La nieve caía con una calma engañosa sobre los pinos altos que rodeaban la mansión Minamoto. Era una nevada limpia, silenciosa, de esas que amortiguan el sonido y hacen que el mundo parezca dormido. Pero detrás de esa calma perfecta vendría una de las catástrofes más grandes que la humanidad hubiera experimentado.
Tanaka Minamoto lo sintió antes que cualquiera.
No fue un presentimiento. Fue un mensaje directo del sello. Él era el cuarto Guardián.
El suelo bajo el patio interno emitió un sonido como el de una bestia herida. La marca en su brazo izquierdo comenzó a brillar. El símbolo —un dragón estilizado, antiguo— parecía moverse sobre su antebrazo.
—El sello está reaccionando —gritó en voz alta.
En la reunión global habían acordado reforzar las zonas donde estaban los sellos dimensionales. Crear nuevos protocolos de seguridad, luego de descubrir que la seguridad interna había sido comprometida por traidores, aunque todavía no sabían quiénes eran los responsables.
Tanaka apretó los dientes.
La mansión Minamoto no era solo una residencia ancestral. Era uno de los puntos de mayor seguridad del mundo.
En lo que hoy se conoce como Hokkaido, al terminar la Gran Guerra, los Seres Supremos encerraron la avanzada marítima de los Karnot: tropas preparadas para dominar los océanos, una fuerza naval imposible de imaginar.
Según los documentos ancestrales, la flota del Pacífico constaba de mil cruceros de combate, tan avanzados que hoy ni siquiera las películas de ciencia ficción podrían describirlos con precisión.
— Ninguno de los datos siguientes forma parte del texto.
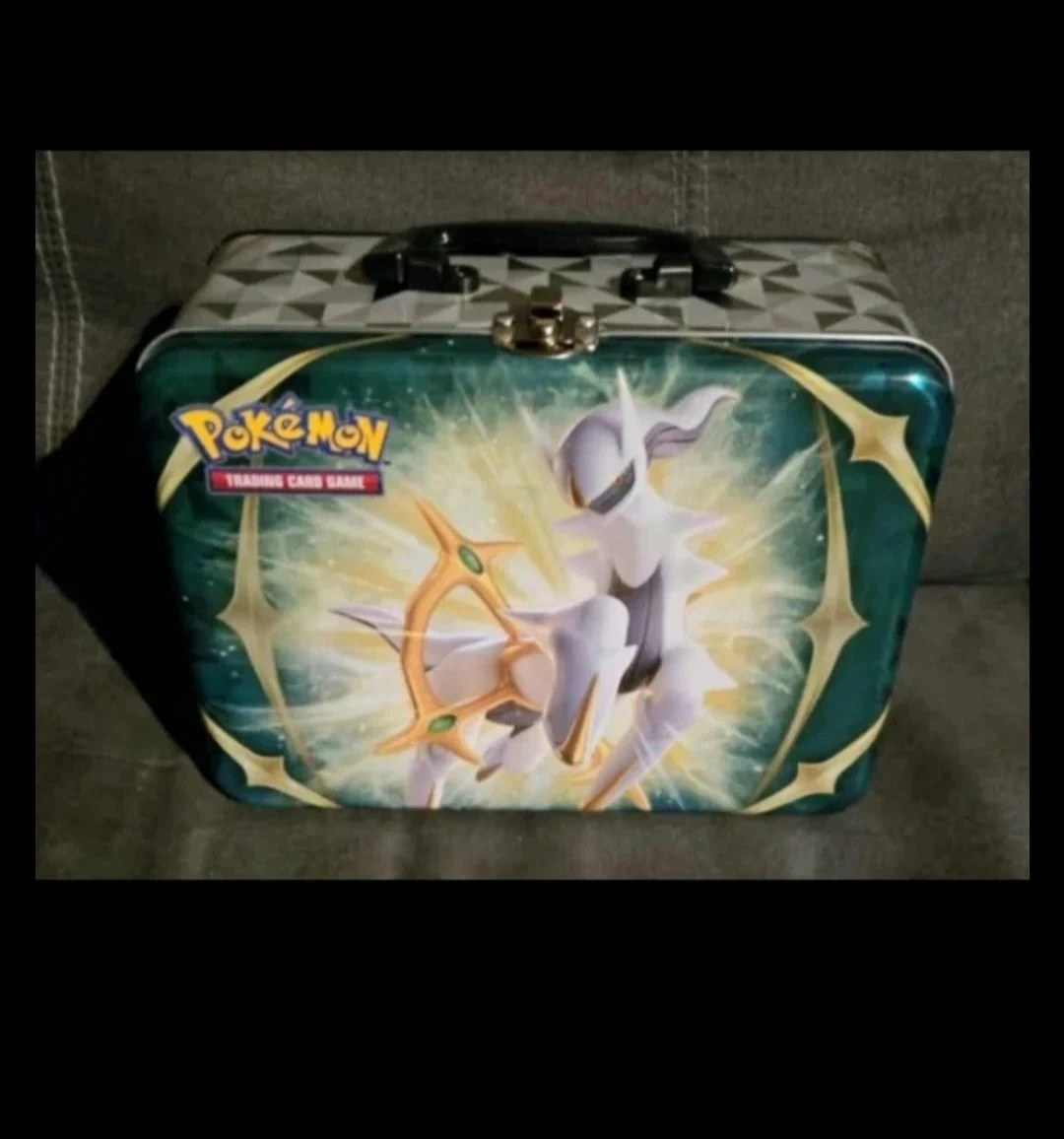 This is a Pokémon Trading Card Game tin box featuring Arceus. It's ideal for storing cards or other small collectibles. The tin has a sturdy handle and clasp closure.

La idea de que eso fuera liberado le heló la sangre.
De pronto, las alarmas mágicas comenzaron a activarse en todo el complejo.
—Activen protocolo de emergencia —ordenó por comunicador—. Todo el personal a posiciones. Cierre del ala sur. Refuerzo en la cámara del sello.
Las respuestas llegaron de inmediato, pero antes de que alguien pudiera desplegarse completamente, los comunicadores tácticos en las muñecas comenzaron a vibrar con fuerza.
Era la señal que nadie quería escuchar:
Amenaza directa al sello.
Guardias intercambiaron miradas. Nadie necesitaba explicación.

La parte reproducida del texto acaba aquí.